Time for some comic relief, and Friedman...needs to be dope-slapped (tm DrForkius). He sidles up to Joan at her locker. Oh, God. This should be painful. He asks, "You coming to watch the TriMathlon?" She titters weakly and replies, "Yeah, right." He's got one arm straight up the wall of lockers as he "seductively" brags, "I intend to walk away with the gold in trigonometry." No doubt there are girls who might swoon over this, but what on God's green earth makes him think Joan is one of them? Joan: "Good for you." Friedman, undeterred: "Trig is..." He looks around. "Triple-X extreme...math." Frink and I are just cringing and snorting. Joan: "I guess that makes you...Tony Hawk then." He says, "If you give me your digits I'll reduce them to an imaginary number." I really and truly am not making this up. Frink finds it all very comical. Joan: "You're Luke's friend; you know my number." He drops his hand over her locker door and says, "That's not the same as you giving it to me." Luke comes along just in time to see this: "What are you doing? Are you hitting on my sister?" Friedman: "It's just a conversation between a man and a woman." Luke sputters, "More like a woman and a boy with aspirations to manhood! Aspirations which sprung from a very private and extremely sensitive conversation!" He asks Joan, "Is he hitting on you?" Joan doesn't quite know what to say, and Friedman starts backing away, making that phone receiver gesture with his thumb and pinky, and mouthing the words, "Call me." I hate that gesture, and no, I don't have a good logical reason why. I just do. Joan just gives him a dubious look and then asks Luke why he's talking so fast.

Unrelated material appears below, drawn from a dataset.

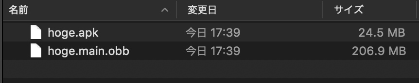 そしてSplit Application Binaryを有効にしてBuildを行うと、Build結果として普通のAPKとOBBファイルが出力されます。

He trips over his words as he tells her she has to drive him home: "Mom left the keys in the office. Congratulations on getting your license although it really does confirm my skepticism about the testing criteria." He babbles on about trying to hold off peeing for the two hour TriMathlon thing while Joan gently takes away his coffee cup. She tells him: "Luke. Stop. Drinking. Coffee." Luke: "Why? My mind has never been so clear!" He grabs the cup and zooms off.
Will pulls the Cheddarmobile into some kind of industrial area, construction site, what-have-you. Will says, "You're not a killer. If you were, you would have shot me when I pulled you over." Cheddar Bob puts the gun up to Will's head and says, "Ding ding, this is my stop."

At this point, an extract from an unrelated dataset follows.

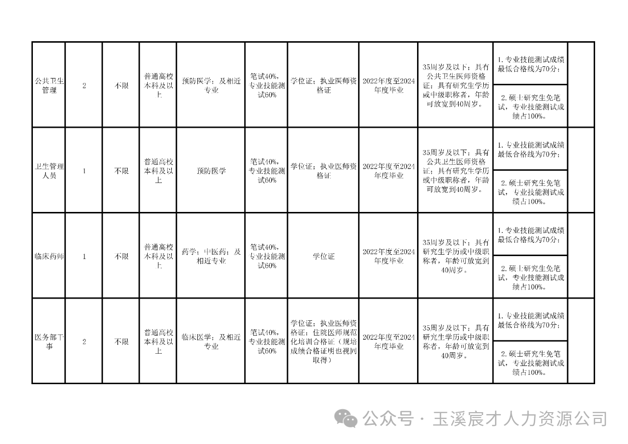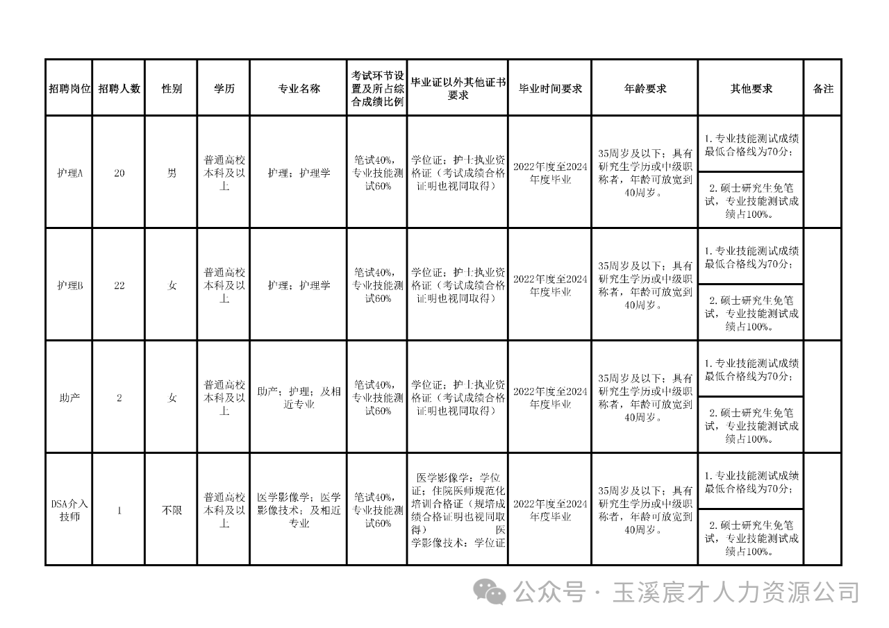 玉溪市中山醫(yī)院2024年公開招聘編制外工作人員崗位表(58名)

Out in the garage, Kevin is sanding the framework of the boat hull. I'm sure there's a technical term for these pieces, but I can't think of it. If it were a house, they'd be joists. Frink: "Wow, Arcadia's got everything, even dinosaur ribs." Maybe they're called ribs, actually. While I'm musing about this, Frink is going on about how the thing looks like the plates of ribs on The Flintstones. Anyway. Bet you didn't think you'd ever see or hear of this boat again, did you? Helen comes out and stands there a bit before saying, "The last time I felt like this was the night of your accident." Kevin: "Yeah, but...you knew I'd be okay...and that I'd live." Helen admits that's true. Kevin says he knew he'd make it, too. Kevin says, "I remember the car flipping, and it was noisy...it was really noisy...and then, I must have been unconscious, because the next thing I remember was quiet...except for the radio, which got stuck on a classical station, which was weird, because it wasn't what we'd been listening to." Good thing it didn't get stuck on Black Sabbath's "Trashed." Kevin: "It was like a -- a dream, this -- this beautiful music in the dark...and I didn't feel any pain." He pauses. "I was glad then, but now I know pain would have been good. And then when I woke up in the hospital, I saw Dad's...face...and I wondered, 'Why does Mom think this man is so good-looking?'" Hee! Jason Ritter is really good at mixing humour and pathos. Helen smiles. Kevin: "Why do I keep making jokes?" Helen says, "You had a fight this morning." Kevin nods. Helen: "Times like this, we all have something that we wish we'd said, or something we wish we hadn't said. The night of your accident, you and your father argued. Do you remember?" He doesn't. I think the moral of the story is: Kevin and Will should not argue. Badness ensues. She says, "At the hospital, your father asked me, 'Kevin knows that I love him, right? That I'll always love him?'" Kevin asks, "Did you tell him 'yes'?" His mother says, "Of course. And that's what I'm telling you. He knows." Kevin nods. His eyes are watery. God, it's really hard not to think about John Ritter and feel sorry for Jason Ritter here.